La belle et fière jeune dame portait alors les vêtements grossiers d’une simple fille de village. Mais ce qu’elle avait perdu en élégance, elle l’avait bien, il semblait, regagné en dignité. Les tresses de ses beaux cheveux d’un brun clair, tournées alors autour de sa tête, et frisées simplement comme il avait plu à la nature de les arranger, lui donnaient un air de simplicité qu’elle n’avait pas lorsque sa coiffure attestait l’adresse d’une habile femme de chambre. Son air joyeux, où se mêlait un peu de malignité, et qui semblait toujours épier l’occasion de rire, avait disparu devant une expression de tristesse, et à cette gaîté avait succédé une calme mélancolie qui semblait se consacrer à donner des consolations à d’autres. Peut-être la première expression de visage, cependant fort innocente, était-elle présente au souvenir de l’amant quand il pensait qu’Alice avait joué un rôle dans les troubles qui avaient eu lieu à la Loge. Il est certain qu’en la regardant alors, il fut honteux d’avoir conçu un tel soupçon, et il aima mieux croire que le diable avait imité sa voix que supposer qu’une créature si au dessus des choses de ce monde, et alliée de si près à la pureté de l’autre, eût pu avoir l’indélicatesse de prendre part à des manœuvres comme celles dont lui-même et d’autres avaient été victimes.
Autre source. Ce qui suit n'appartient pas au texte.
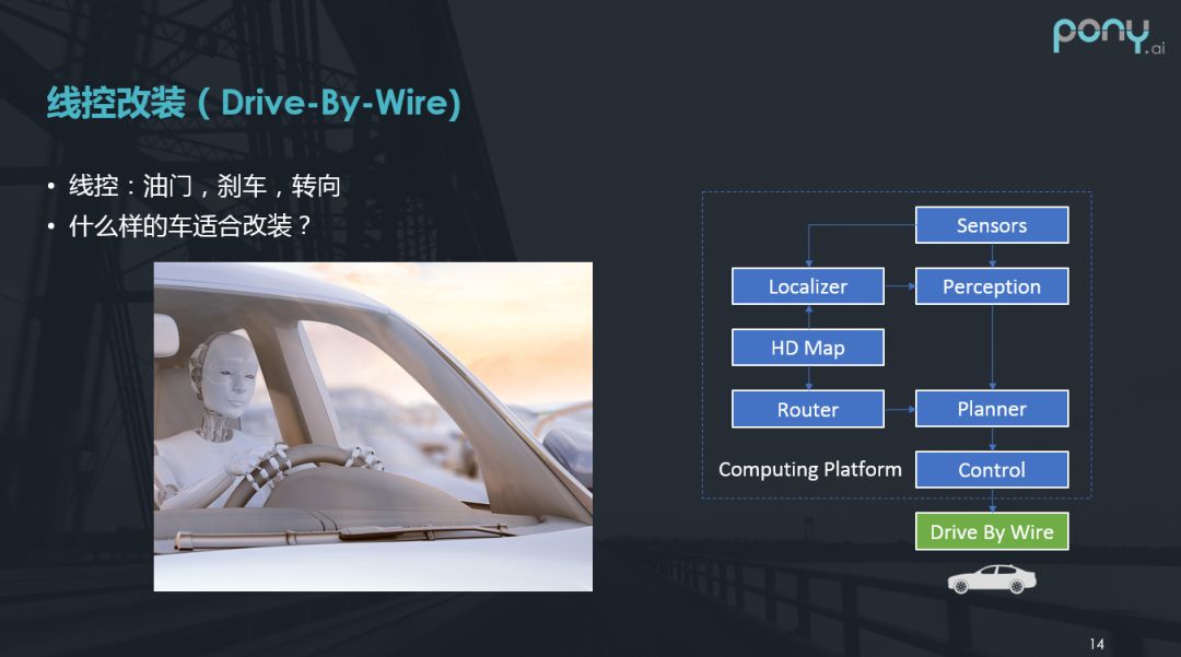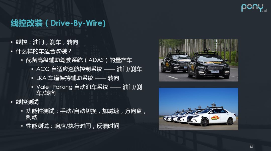 这些功能都是通过车辆底层控制协议来控制车辆的机械结构,我们只要想办法获得这些协议,就可以通过调用响应的接口达到我们的目的。由于这种改装方案对于原车的改动最小,响应的安全性也更高,目前被主流自动驾驶公司广泛接受。右边两张图是 Pony.ai 申请北京路测牌照选用的两款车,而选择的原因也正是因为他们有比较好的改装基础。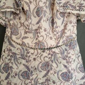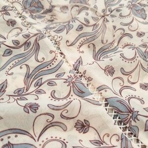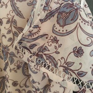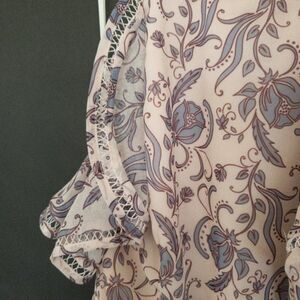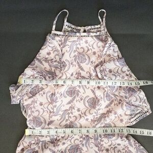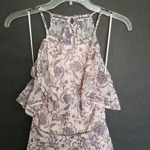 Lightweight georgette flaunts a stunning floral design throughout. Cascading ruffles give a delicate feel. Ladder lace trim is featured throughout. Open-back design with button-loop closure at nape and lower back. Concealed back zip closure. Tiered skirt. Asymmetrical hemline. Lined. 100% polyester; Hand wash and dry flat.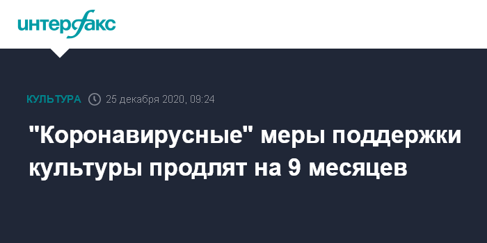 Москва. 25 декабря. INTERFAX.RU - Существующие меры поддержки культурной отрасли, введенные из-за пандемии коронавируса, будут продлены на 9 месяцев 2021 года, сообщил "Интерфаксу" советник президента РФ по культуре Владимир Толстой.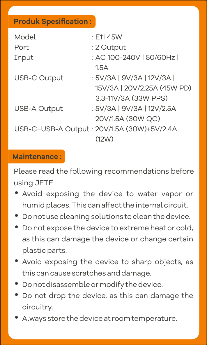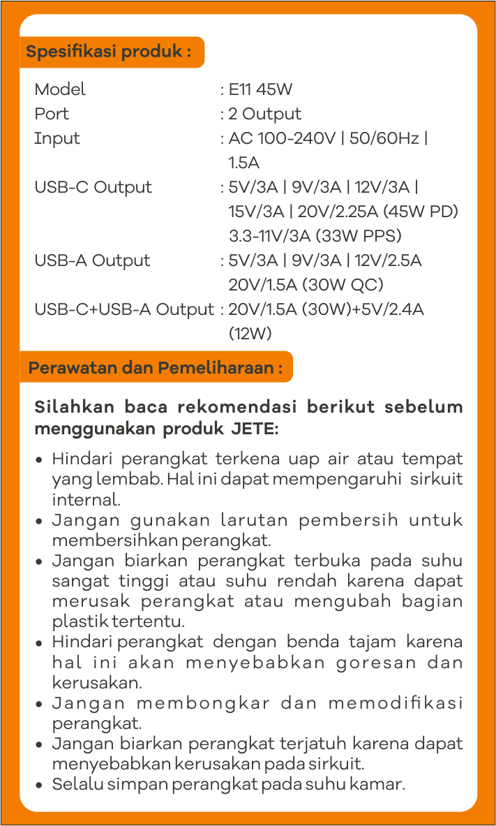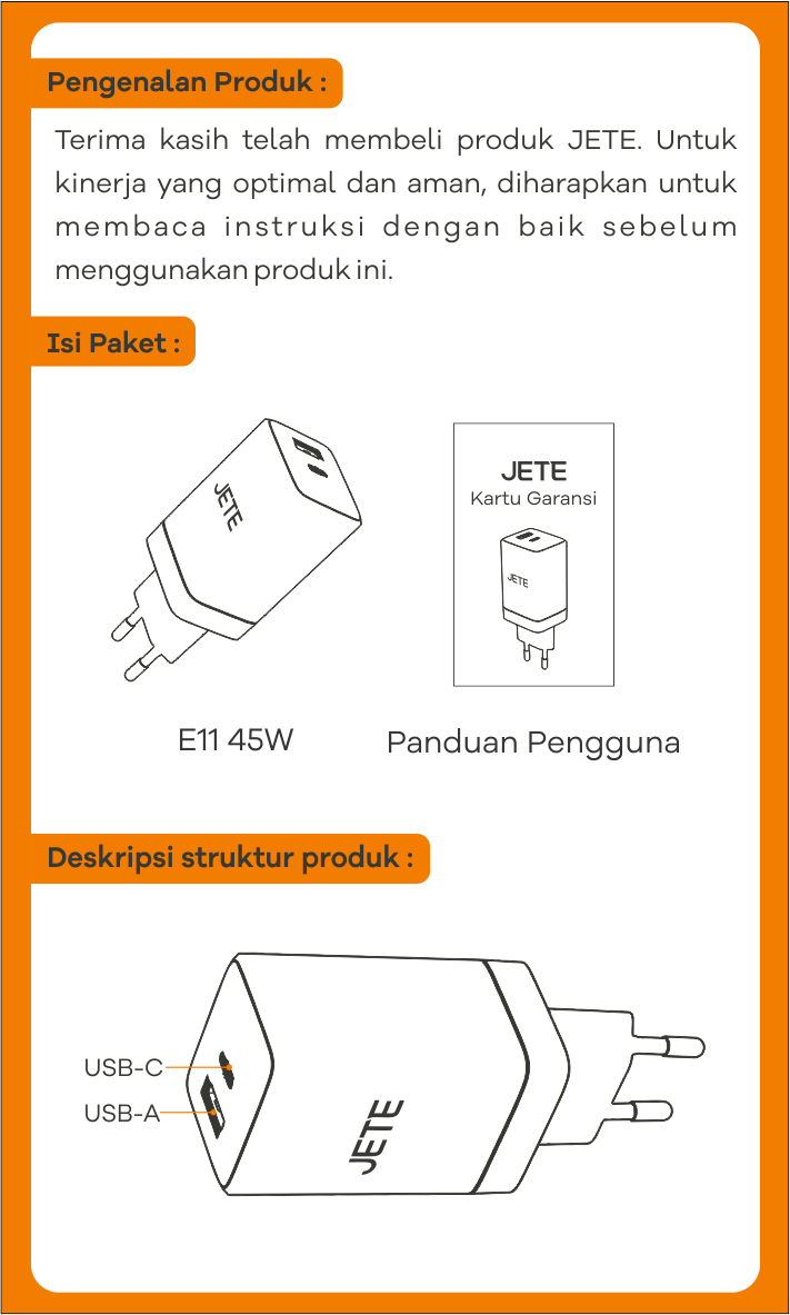 Panduan lengkap penggunaan produk Charger JETE E11 45W USB A+C untuk memaksimalkan pengalaman pengguna. Dilengkapi instruksi langkah demi langkah, mulai dari instalasi, pengoperasian, hingga pairing.

Ces réflexions se présentaient en foule à son esprit, malgré toute l’inconvenance qu’il y avait à s’en occuper dans un pareil moment. Le service allait finir ; et, à la vive surprise aussi bien qu’à la grande confusion du colonel Éverard, le prêtre, d’une voix ferme et intelligible, avec un ton de dignité plus majestueux, demanda au Tout-Puissant de bénir et de conserver le roi Charles, monarque légitime et incontestable de ce royaume. Cette prière, très dangereuse à cette époque, fut articulée d’une voix pleine, haute et distincte, comme si le prêtre eût voulu défier tous ceux qui l’écoutaient à le contredire s’ils l’osaient. Si l’officier républicain ne participa point à cette prière, il pensa du moins que ce n’était pas le moment de protester contre elle.